I’ve been watching the behavior of the dollar index via the
futures contract (/DX) particularly close over the past few weeks. As an
economist, I’ve been preaching the testament of the long dollar trade for some
time now, and I continue to believe in that overall macro trend. However, as a
trader I was caught off guard by the conviction of the dollar with regards to
is most recent bout of appreciation.
Looking at the index in several different time frames, there
were both weekly and monthly trendlines looking back five years and ten years
respectively, that the price was interacting with simultaneously. When this
happens, my trader instincts tell me the price should at least consolidate
before choosing to either continue higher, or retrace lower.

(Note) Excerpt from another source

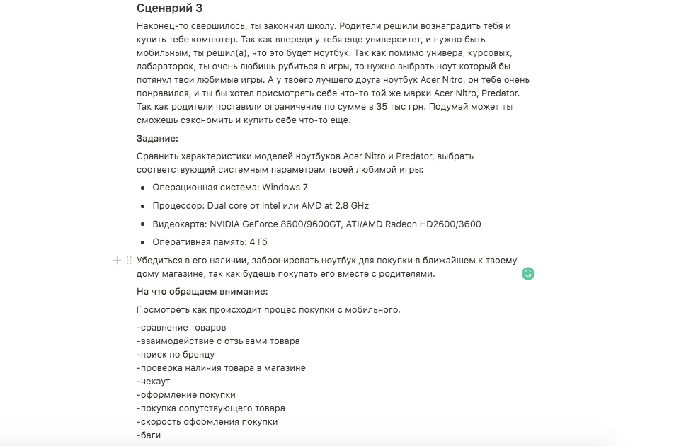 Для кожної з груп написали сценарій, аби якомога сильніше залучити людей у процес і викликати емпатію. Це була детально описана передісторія покупки і завдання, яке учасники мали виконати. Кожне із завдань ми розділили на проміжні етапи, це допомогло нам зрозуміти проблемні ділянки інтерфейсу.

In this instance,
nothing. Not even a pause.
First thing’s first, I rebalanced my currency portfolio to
reflect the robustness of the breakout. Then I set about deconstructing the
reasoning behind this particular show of confidence by market participates in
the dollar.
Since I last checked, (talk to a part time worker) the
economic environment in the US has not been improving at any measurably
increasing rate. Financial and economic statistics have been streaming in, and
at this point no alarm bells have been sounded in either direction for growth
forecasts. Still the same slow growth in GDP, still the same little-to-no wage
growth, still the same low inflation expectations. Overall, things are just still.

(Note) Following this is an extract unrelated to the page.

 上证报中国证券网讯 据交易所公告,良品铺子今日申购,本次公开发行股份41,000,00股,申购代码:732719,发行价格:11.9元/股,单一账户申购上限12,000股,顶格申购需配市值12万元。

So if the dollar’s appreciation does not seem justifiable
with the environment in the US, then it lends to logic that it may be from
[perceived] weakness abroad. Also lending to the idea of weakness abroad, is
the recent [two week] trend of the 10-year Treasury rate measured by the
futures contract (/ZN). Borrowing costs for the US government has been trending
lower, which indicates to me that investment capital might be seeking a safe
haven in US government debt, and not necessarily seeking higher yields.
Granted economic statistics are backward facing, I am now
more astute to data releases that reflect a changing or even negative sentiment
in foreign markets. Over time, and usually not with too much of a delay, the
statistics tend to reflect the international flows of speculative capital, as
the ebbs and flows of money change the fundamentals on the ground.